The original S3 Deployer in CodePipeline understood that, and gave you the option to decompress the object (zip file) when it put it in the configured destination bucket.

CodeBuild supports multiple artifacts, and its format for the output object defined from the buildspec is:

s3://codepipeline-${REGION}-{$ID}/${PIPELINENAME}/SourceArti/${BUILDID}/${CODEBUILDID}

As such, S3 Deployer would then look for the object that should match the first syntax, and fails.

Hmmm.

OK, I had one more niggle about the s3 deployer: it doesn’t tidy up. If you delete something from your repo, the S3 deploy does not delete from the deployment location – it just unpacks over the top, leaving previously deployed files in place.
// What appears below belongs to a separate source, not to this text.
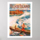 Vintage resor poster för nya Englands Blockö, en sommaranläggning utanför kusten i Connecticut.

So my last change was to ditch both the output artifact from code build, and the original S3 deployer itself, and use the trusty aws s3 sync command, and a few variables in the code pipeline:

- aws s3 --region $AWS_REGION sync . s3://${S3DeployBucket}/${S3DeployPrefix}/ --delete

So the pipeline now looks like:

You can view the resulting web site at https://cv.jamesbromberger.com/. If you read the footnotes here it will tell you about some of the pipeline. Now I have a new place to play in – automating some of the framework management via NPM during the build phase, and running a few sed commands to update resulting paths in HTML content.

But my big wins are:

You can’t hit https://cv.jamesbromberger.com/.htmllintrc any more (not that there was anything secure in there, but I like to be… tidy)
Older versions of frameworks (bootstrap) are no longer lying around in /assets/bootstrap-${version}/.
Its not costing me more timer or money when doing this tidy up, thanks to Lambda.